#### Work instruction:
Beginning with the line of the entries below that holds "camisa masculina manga" and ending with the line that holds "Την παρακάτω δήλωση", transcribe each line exactly as written. Pictures stay out.

#### Material shown:
****************************************
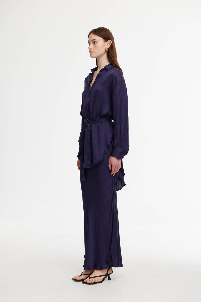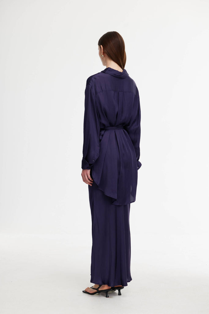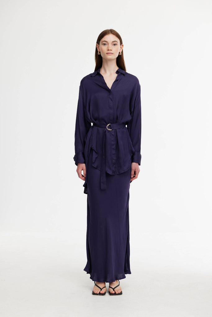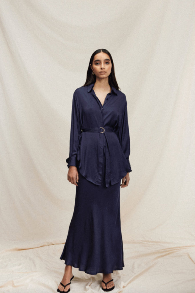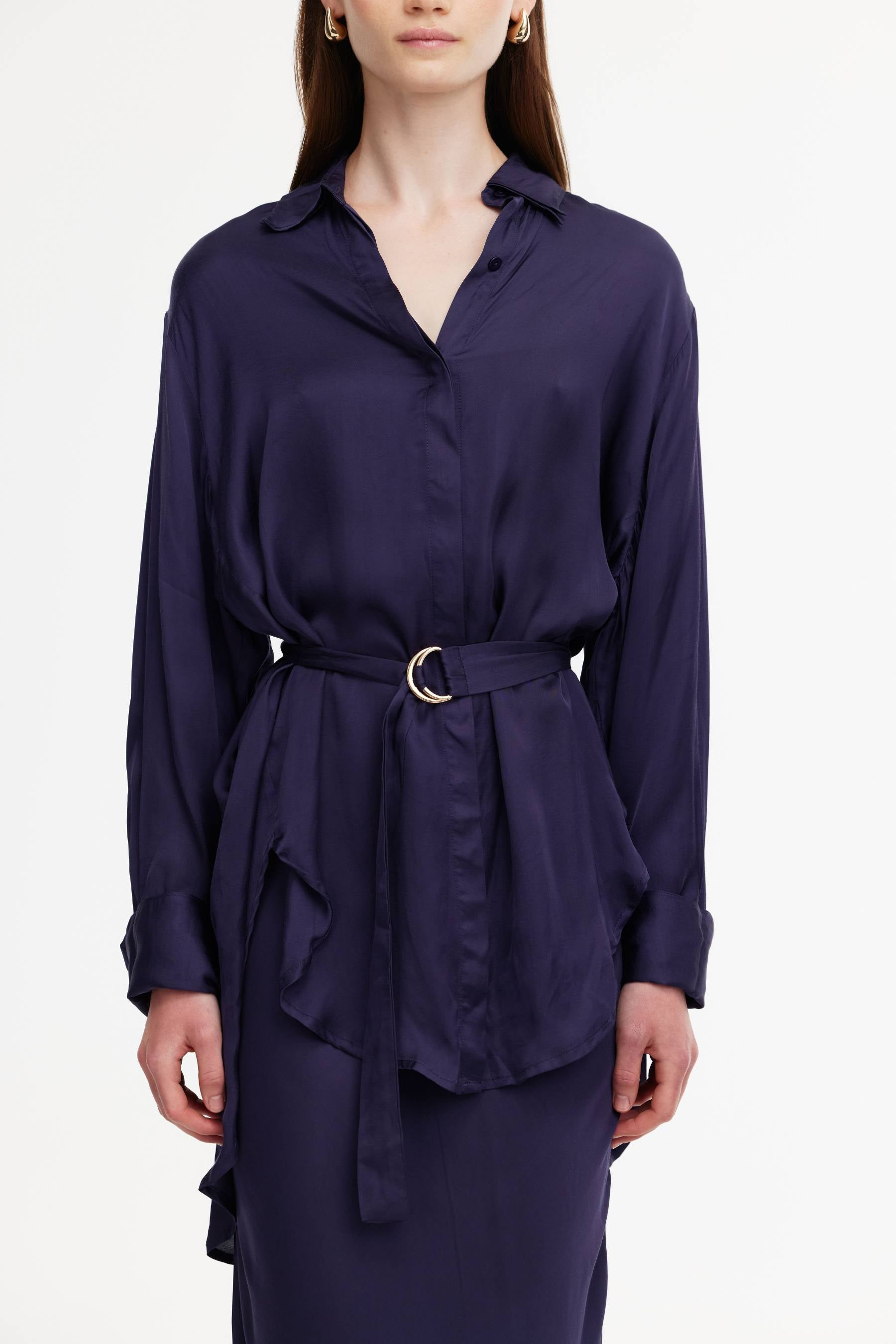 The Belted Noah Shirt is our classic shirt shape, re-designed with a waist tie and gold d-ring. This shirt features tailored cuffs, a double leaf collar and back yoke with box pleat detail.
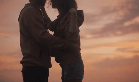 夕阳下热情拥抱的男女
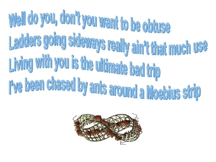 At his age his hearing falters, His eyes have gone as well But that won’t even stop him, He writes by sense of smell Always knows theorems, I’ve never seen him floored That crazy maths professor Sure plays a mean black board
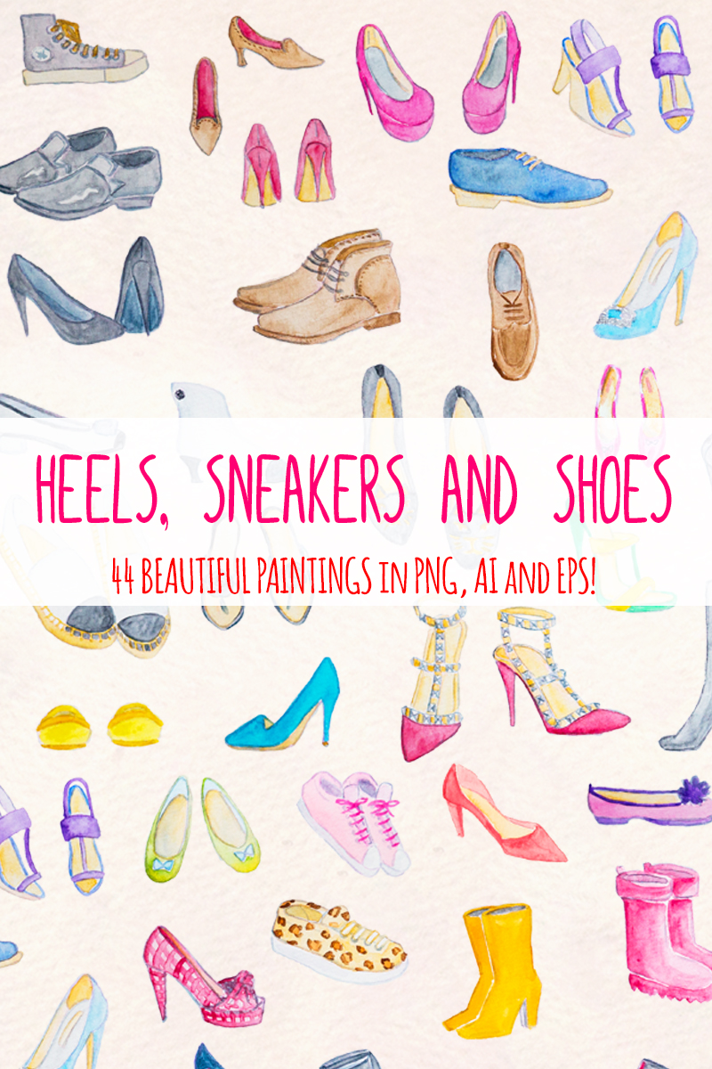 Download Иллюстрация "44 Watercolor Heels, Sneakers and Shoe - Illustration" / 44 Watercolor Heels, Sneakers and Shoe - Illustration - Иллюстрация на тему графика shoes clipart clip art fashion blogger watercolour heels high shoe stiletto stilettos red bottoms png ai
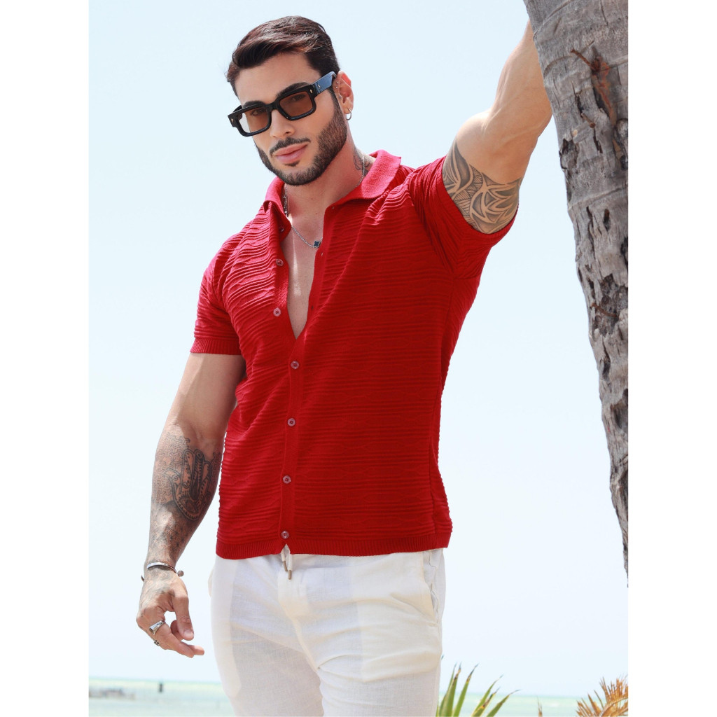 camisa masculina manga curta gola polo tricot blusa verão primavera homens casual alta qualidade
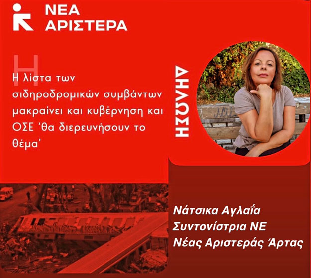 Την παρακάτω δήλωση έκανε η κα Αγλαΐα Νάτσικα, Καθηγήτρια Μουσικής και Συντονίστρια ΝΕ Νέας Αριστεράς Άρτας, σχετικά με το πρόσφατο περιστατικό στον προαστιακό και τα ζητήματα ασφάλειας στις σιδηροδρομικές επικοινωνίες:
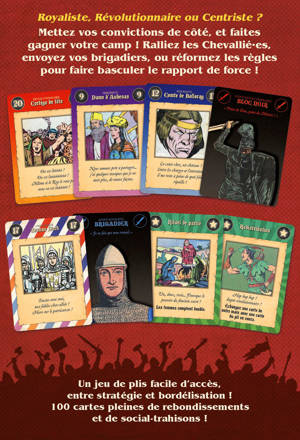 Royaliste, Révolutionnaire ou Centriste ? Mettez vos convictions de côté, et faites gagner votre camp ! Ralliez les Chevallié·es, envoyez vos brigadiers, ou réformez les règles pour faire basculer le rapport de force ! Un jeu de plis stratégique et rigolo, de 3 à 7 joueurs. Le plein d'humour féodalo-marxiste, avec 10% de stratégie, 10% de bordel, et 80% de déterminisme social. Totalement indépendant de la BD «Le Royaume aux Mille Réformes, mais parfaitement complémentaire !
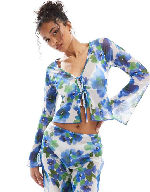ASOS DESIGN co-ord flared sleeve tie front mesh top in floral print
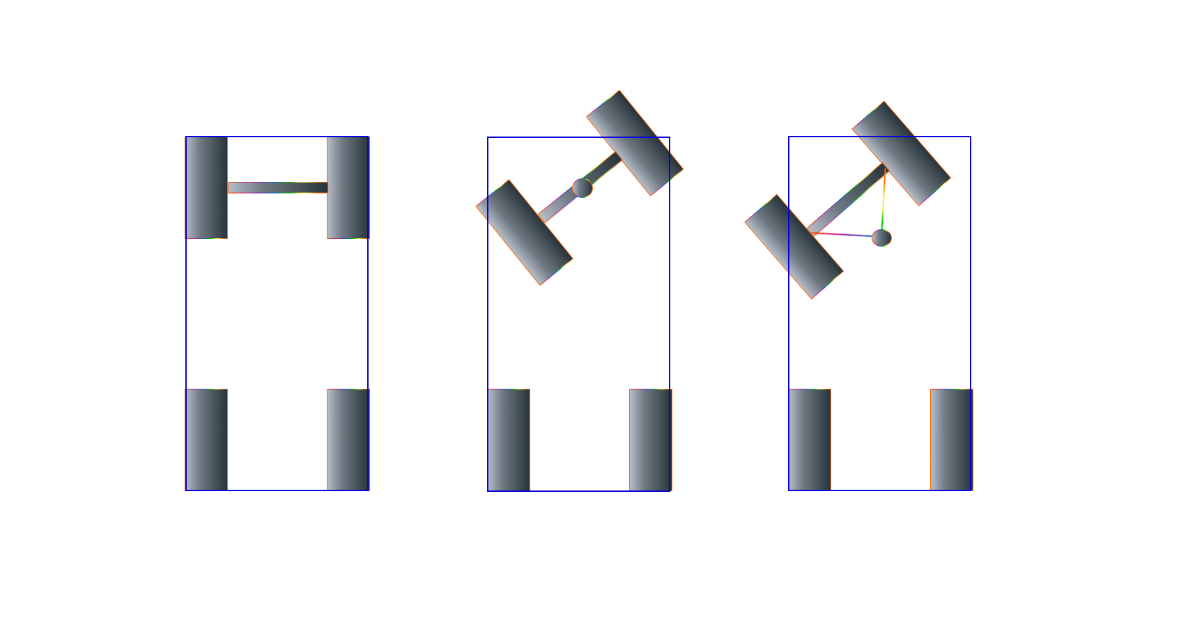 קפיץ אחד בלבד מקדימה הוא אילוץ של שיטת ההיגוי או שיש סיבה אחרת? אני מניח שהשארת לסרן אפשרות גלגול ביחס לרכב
****************************************
#### Result for this exercise:
 camisa masculina manga curta gola polo tricot blusa verão primavera homens casual alta qualidade
 Την παρακάτω δήλωση έκανε η κα Αγλαΐα Νάτσικα, Καθηγήτρια Μουσικής και Συντονίστρια ΝΕ Νέας Αριστεράς Άρτας, σχετικά με το πρόσφατο περιστατικό στον προαστιακό και τα ζητήματα ασφάλειας στις σιδηροδρομικές επικοινωνίες:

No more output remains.